De Novo Assembly of a transcriptome

Marta replied

02-28-2012, 10:44 AM
Hi edge,

No sure what you are referring to in "Fail to get main class". You'll need to contact the support of the program you are using. If this is from CLC bio trial, write to [email protected]
Looks like it maybe Java related, but this is extend of my understanding.
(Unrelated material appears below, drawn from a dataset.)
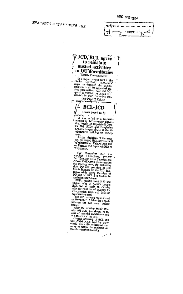 JCD, BCL agree to reinstate ousted activities in DU dormitories Published on Newspaper The Bangladesh Observer Category Student Politics Download

Regarding the evaluation of assemblies. I have a very old, almost 3 years old presentation when we did comparison of assemblers and evaluated output produced by CLC de novo assembler. The presentation is very long, and available here:

https://docs.google.com/file/d/0B9g4lIAKxQTaMjgyN2UzYzgtNjViNy00MDIzLTkxOGYtZjI4YzQzMzQ5MzQz/edit

https://docs.google.com/file/d/0B9g4lIAKxQTaMjgyN2UzYzgtNjViNy00MDIzLTkxOGYtZjI4YzQzMzQ5MzQz/edit

All you need is slide #25 and you will see what I mean

Best,

Marta
Leave a comment:
edge replied

02-28-2012, 01:16 AM
Hi Marta,

I got few more questions need your advice.
If the number of contigs that assembled by two different assembler are different, is it the best way is just select the top 1000 longest contigs?
Do you mind to explain a little bit more regarding "I like to see that about 90% of my contigs are at about 3x of the overlap length". I not sure regarding how to evaluate blastx result.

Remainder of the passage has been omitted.